Debo confesar que me ha sorprendido la calidad del discurso de Milei el día de su posesión como presidente de la Argentina. Fue un discurso sin estridencias, sin mentar la madre a nadie, como lo hacía durante su campaña antes de la primera vuelta y en las entrevistas televisivas. Fue sin estridencias pero fue muy franco en describir la situación y las dificultades que enfrentaría. Había un tono churchiliano o de Paz Estenssoro, al anunciar lo que se venía.
Si bien usó hipérboles para algunas de sus cifras, como lo hace notar J. Patiño, no es de extrañar. Todos los presidentes critican a sus predecesores exagerando lo negativo. Me acuerdo que durante nuestra estabilización de 1985, los gobernantes hablaban de una inflación de 20.000 por ciento siendo que ella era de 8.000 por ciento, por cierto muy alta.
Milei hizo bien en aludir al pasado glorioso de la Argentina. ¿Qué le pasó a este país después de que se lo creía que iba a ser un faro para todos los países del mundo? Hacía 1930 su PIB per cápita era similar al de Canadá y Australia. La pampa húmeda argentina es una de las tierras más fértiles del planeta. La Argentina llegó a la alfabetización universal antes que Francia. Las universidades argentinas, aun ahora, están entre las mejores de la región y los únicos premios Nobel en ciencias de América Latina son argentinos. Buenos Aires es la capital cultural de Sud América, con excelente teatro, notable cine y soberbias librerías. No hablo del futbol porque no soy aficionado.
Parafraseando a Vargas Llosa uno puede hacerse la pregunta de cuándo se jodió la Argentina. La respuesta para muchos es con el populismo peronista. El peronismo no apareció empero en un vacío. Lo incubó una oligarquía tuerta, con su ojo que solo miraba a Europa. Eran europeos en exilio, como decía Borges, que ninguneaban a las cabecitas negras y a los descamisados. El peronismo fue contagioso y se extendió a casi toda América del Sur.

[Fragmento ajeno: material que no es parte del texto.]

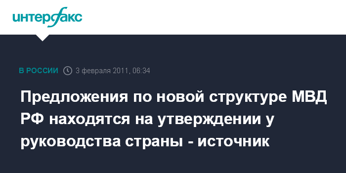 Предложения по новой структуре МВД РФ находятся на утверждении у руководства страны - источник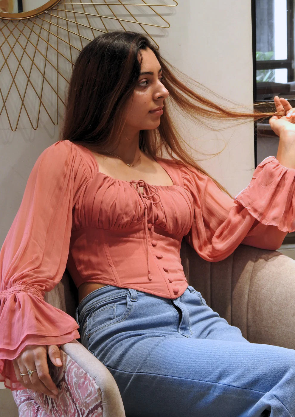 Dipped in blush and tied with a sigh — this romantic top charms with frilled sleeves, a gathered bustier, and an alluring criss-cross back.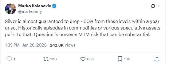 科拉诺维奇于 2024 年离开摩根大通,他最近分享了自己对火热的白银市场的看法,称他认为白银价格大幅下跌几乎是必然的。
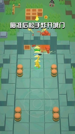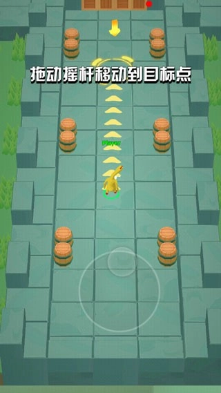 3、操作方式十分简单,开始后,用手指滑动屏幕就能移动角色,与此同时鸡会举起手中的鸡蛋(炸弹),角色下方会显示移动方向,松开手指后鸡蛋就会被扔出。
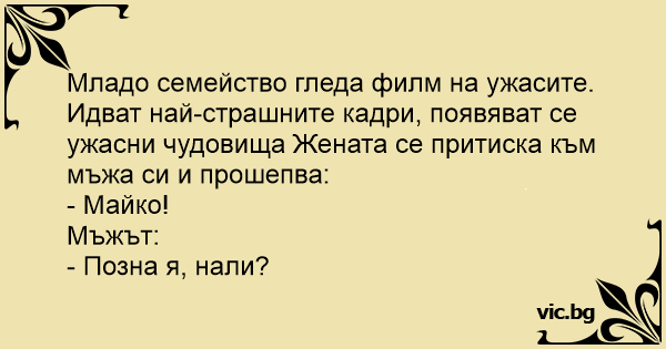 Чоловік з дружиною дивляться фільм жахів. На екрані з’являється ЖАХ. Дружина: — Ой мама... Чоловік: — Теща? Схожа...

El programa para sanear la economía que ha hecho conocer el ministro Caputo está en la buena dirección, pero es insuficiente. La unificación cambiaria, tan necesaria, no se la logrará simplemente devaluando el tipo de cambio oficial. Por nuestra experiencia, parecería necesario dejar flotar el tipo de cambio por un tiempo, acompañando la flotación con una política monetaria muy restrictiva. Otro ejemplo a seguir sería el del plan real brasileño. Sea dicho de paso, para conseguir buenos resultados monetarios y cambiarios es necesario reforzar la capacidad analítica y de predicción del Banco Central de la República Argentina (BCRA) y no dinamitarlo, como era una de las promesas de campaña de Milei. El BCRA tiene muy buenos técnicos, que tienen que ser apoyados decididamente.

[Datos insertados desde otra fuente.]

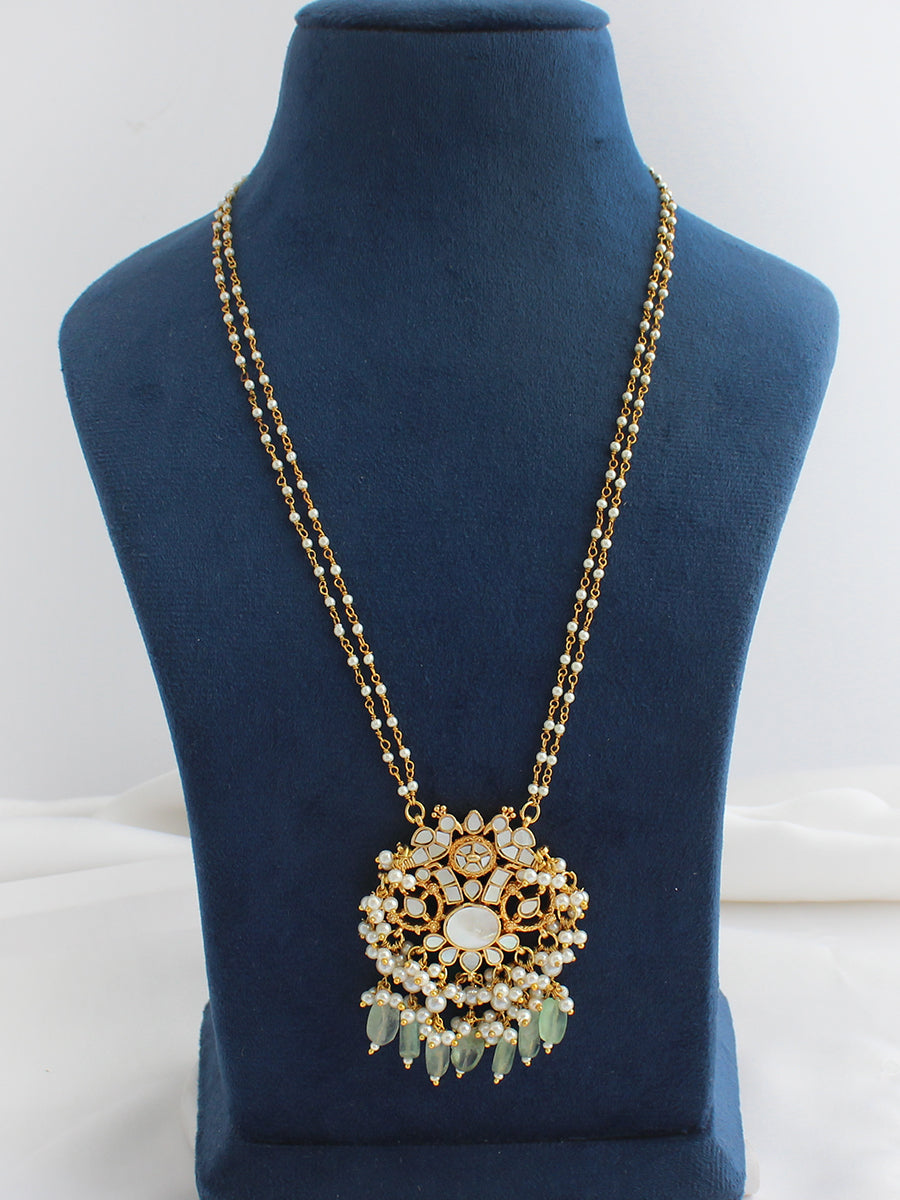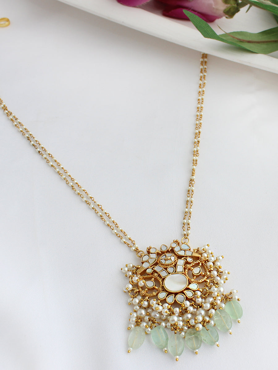 Introducing our Gold Tone Long Pendant Necklace, adorned with natural mother of pearls and beads for a graceful and timeless look. Crafted on a base of high-grade alloy metal. The Mother of pearl material's iridescence and smooth texture make it versatile and suitable for both casual and formal occasions.

También está el complejo problema de la deuda externa. Se la tendrá que renegociar inteligentemente, no solamente para salir a flote, sino y más importante, para retomar el crecimiento. El ministro Lavagna dio un buen paso el 2002, aunque no llegó a convencer a los acreedores buitres.
Las medidas fiscales son necesarias pero duras y hay que proteger a las familias más vulnerables, que la podrían pasar muy mal. Se necesita una red de seguridad, como la que tuvimos con el Fondo Social de Emergencia, luego de promulgado el DS 21060.
Restaurar la confianza, para que retornen las platas que tienen los argentinos afuera es un gran desafío cultural y no solo económico. Los argentinos tienen que confiar de nuevo en sus autoridades y en su moneda. La dolarización no es solución, pero se debe permitir la total libertad cambiaria, con el público escogiendo la moneda con la que se sienta más cómodo, como se lo hizo en el país en 1985.
En los últimos 50 años, la Argentina ha experimentado con varios programas antiinflacionarios ortodoxos, pero que tuvieron la vida corta. Se puede mencionar el Rodrigazo (1975), el programa del entonces ministro Martínez de Hoz, de la época de los gobiernos militares (1976-1981) y el de la convertibilidad en tiempos del presidente Menem. Las autoridades argentinas tendrán que sacar lecciones de los fracasos de esas experiencias y no tropezar en la misma piedra. Todos les deseamos éxito.